The Reputation Problem
Sarah (not her real name) was the VP of Marketing at a $45M SaaS company. She had a reputation for missing deadlines.
"Sarah's always behind," people said. "She overcommits." "She can't manage her team."
The CEO was considering a performance improvement plan. The COO suggested "better time management training."
None of them looked at the workflow.
The Workflow Audit
We mapped the process for shipping a single marketing asset — a landing page, a case study, a webinar slide deck. Here's what we found:
- 1.14 approval steps across 6 departments
- 2.Average approval time: 3.2 days per step
- 3.No parallel processing — each step waited for the previous one
- 4.No escalation rules — if an approver was busy, the asset sat
- 5.No visibility — Sarah couldn't see where anything was in the pipeline
A single marketing asset took 47 days from request to publish. Sarah's team was producing 12 assets per quarter. The company needed 40.
Sarah wasn't behind. The workflow was broken.
The Structural Rewrite
Change 1: Approval Consolidation
We reduced 14 approval steps to 4:
- Content review (marketing)
- Brand review (design)
- Legal/compliance review (legal)
- Final sign-off (VP)
Each review had a 48-hour SLA. Miss the SLA, and the asset auto-escalates.

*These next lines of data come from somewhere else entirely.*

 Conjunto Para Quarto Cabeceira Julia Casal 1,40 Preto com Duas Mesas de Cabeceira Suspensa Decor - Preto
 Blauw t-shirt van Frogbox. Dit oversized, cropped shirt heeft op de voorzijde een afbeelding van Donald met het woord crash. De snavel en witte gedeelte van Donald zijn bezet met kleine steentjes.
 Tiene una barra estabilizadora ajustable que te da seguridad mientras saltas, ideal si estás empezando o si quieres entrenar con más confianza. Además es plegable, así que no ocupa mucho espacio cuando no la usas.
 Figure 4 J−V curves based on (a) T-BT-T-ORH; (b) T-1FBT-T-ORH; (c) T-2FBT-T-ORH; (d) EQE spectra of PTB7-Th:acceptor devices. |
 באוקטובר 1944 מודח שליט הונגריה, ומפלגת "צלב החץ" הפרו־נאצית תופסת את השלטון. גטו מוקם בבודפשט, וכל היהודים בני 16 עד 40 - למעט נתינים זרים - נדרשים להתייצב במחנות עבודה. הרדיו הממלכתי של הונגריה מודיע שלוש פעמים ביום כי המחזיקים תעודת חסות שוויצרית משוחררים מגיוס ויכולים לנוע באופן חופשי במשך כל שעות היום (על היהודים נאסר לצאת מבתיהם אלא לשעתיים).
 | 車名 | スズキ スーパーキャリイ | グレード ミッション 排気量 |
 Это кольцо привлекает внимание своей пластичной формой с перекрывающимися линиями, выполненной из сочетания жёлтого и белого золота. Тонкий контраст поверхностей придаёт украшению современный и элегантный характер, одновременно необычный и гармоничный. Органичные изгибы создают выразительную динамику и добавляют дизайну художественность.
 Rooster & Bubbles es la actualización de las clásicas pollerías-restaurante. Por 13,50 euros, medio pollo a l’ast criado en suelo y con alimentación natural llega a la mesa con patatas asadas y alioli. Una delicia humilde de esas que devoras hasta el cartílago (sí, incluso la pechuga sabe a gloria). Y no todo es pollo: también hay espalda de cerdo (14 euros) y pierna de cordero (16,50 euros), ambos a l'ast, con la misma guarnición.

Change 2: Parallel Processing
Content and brand reviews happen simultaneously. Legal review happens only for regulated content. Final sign-off is a 15-minute review, not a rewrite session.
Change 3: Pipeline Visibility
A simple Kanban board shows every asset in the pipeline, who's responsible, and how long it's been there. No more "where's that landing page?" questions.
Change 4: Decision Rights
Sarah's team can ship routine assets without VP approval. Only strategic assets (product launches, major campaigns) require sign-off.
The Results in Three Weeks
- Asset production time: 47 days → 9 days
- Assets per quarter: 12 → 38
- Sarah's "overdue" rate: 73% → 8%
- Team satisfaction score: 4.1/10 → 8.3/10
- Sarah's reputation: "always behind" → "the person who fixed our marketing pipeline"
The Lesson
When someone has a reputation problem, look at the system before you look at the person.
In 80% of cases, the person is performing exactly as the system is designed to make them perform. The system is the problem. The person is the symptom.
Fix the system, and the person suddenly looks competent. Because they were competent all along.
The One Question
Before you put someone on a performance plan, ask: If this person were replaced by the best person in the world at this job, would the results be different?
If the answer is no, you don't have a people problem. You have a structural problem. And structural problems have structural solutions.